Doravante, ele (adolescente) não apenas descobrirá os limites que separam o seu eu do de outra pessoa, mas aprenderá a compreender a outra pessoa e a ser compreendida por ela. Assim a cooperação é realmente um fator na criação de... um eu que se consolida sobre normas de reciprocidade e discussão objetiva e que sabe como submeter-se a elas, a fim de fazer-se respeitado. (Hoffman, 1975/1978, p.11)

Portanto, oferecer oportunidades de escolhas aos filhos e permitir-lhes que busquem soluções para os seus próprios problemas, são atitudes coerentes com o adulto que quer cooperar com o seu jovem, ciente de que ele não é mais uma criança e, de que, nessa fase do desenvolvimento já se compreende como “um igual” em relação aos seus pais. Realmente, cabe aos pais acompanhar as tomadas de decisões de seus filhos, orientá-los, aconselhá-los até, enfim, trocar pontos de vista, todavia, jamais tomar as decisões por eles.

Assim, a autoridade adulta, se bem que constituindo, talvez, um momento necessário na evolução da moral da criança, não basta para constituir o senso de justiça. Este só se desenvolve na proporção dos progressos da cooperação e do respeito mútuo, de

início, cooperação entre as crianças, depois cooperação entre crianças e adultos, na medida em que a criança caminha para a adolescência e se considera, pelo menos em seu íntimo, igual ao adulto. (Piaget, 1932/1994, p.239)

Segunda La Taille (2007, p.13-14) a autonomia, para a moralidade, está ligada a dois sentidos: à questão da liberdade e à questão da autoridade. Conforme suas palavras:

É autônomo quem goza de liberdade, seja porque suas ações não são decorrentes de uma forma de poder exterior ao sujeito, seja porque não é irremediavelmente determinado por forças internas sobre as quais a vontade não exerce influência nenhuma. [...] É autônomo quem legitima regras, princípios e valores morais sem referência a uma fonte que o transcende, sem referência, portanto, a figuras ou instâncias de autoridade.

Portanto, o caminho para a construção da autonomia moral dos adolescentes pressupõe a liberdade e a ausência da autoridade, e cabe mesmo aos pais buscarem uma nova forma de interação com os jovens. O resultado dos conflitos entre pais e filhos na adolescência deve promover a reconstrução de relações fundamentadas na reciprocidade e na mutualidade.

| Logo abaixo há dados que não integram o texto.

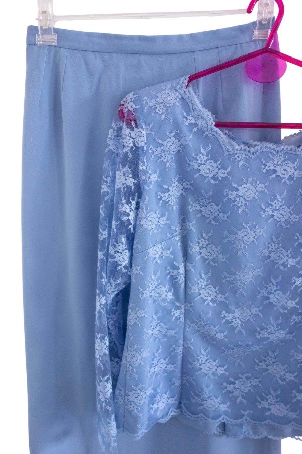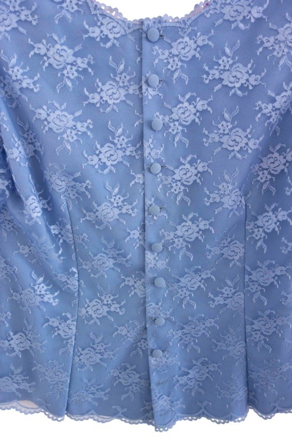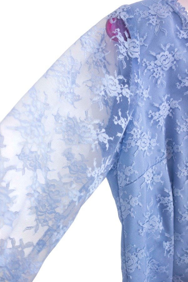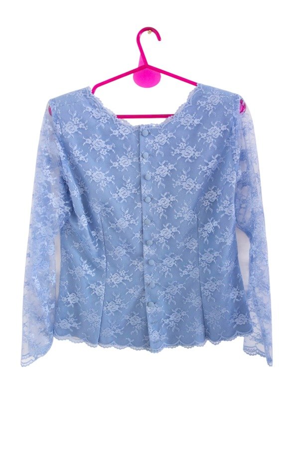 Camisa manga larga de encaje celeste, con cuello redondo y botones forrados en la espalda.

É por isso que, ao lado do respeito primitivo do inferior pelo superior, ou respeito “unilateral”, acreditamos poder distinguir um respeito “mútuo”, para o qual tende o indivíduo quando entra em relação com os seus iguais, ou quando os seus superiores tendem a tornar-se seus iguais. O elemento quase material do medo, que intervém no respeito unilateral, desaparece então progressivamente em favor do medo totalmente moral de decair aos olhos do indivíduo respeitado: a necessidade de ser respeitado equilibra, por conseguinte, a de respeitar, e a reciprocidade que resulta desta nova relação basta para aniquilar qualquer elemento de coação. A ordem desaparece no mesmo tempo para tornar-se acordo mútuo, e as regras livremente consentidas perdem seu caráter de obrigação externa. A razão torna-se, desde então, livre para construir seu plano de ação na medida em que permanece racional, isto é, na media em que sua coerência interna e externa está salvaguardada, à proporção em que o indivíduo consegue situar-se numa perspectiva tal que as outras perspectivas concordem com ela. Assim está conquistada a autonomia, além da anomia e da heteronomia.(Piaget, 1932/1994, p. 284)

A citação é extensa, mas guarda em si, um resumo dos conceitos apresentados nesse capítulo, conceitos esses, que nortearam a elaboração do instrumento, objetivo desse estudo. A citação também demonstra que, embora se tenha buscado explanar individualmente a respeito de cada um dos construtos, tendo como objetivo fundamentar teoricamente os itens que os representam, tais assertivas não são excludentes entre si, mas pelo contrário, conforme se expõe na teoria, os fatores respeito, obediência, justiça e autonomia são complementares e se desenvolvem no sujeito de modo concomitante. A interação desses fatores tem como resultado final a construção da autonomia moral do adolescente.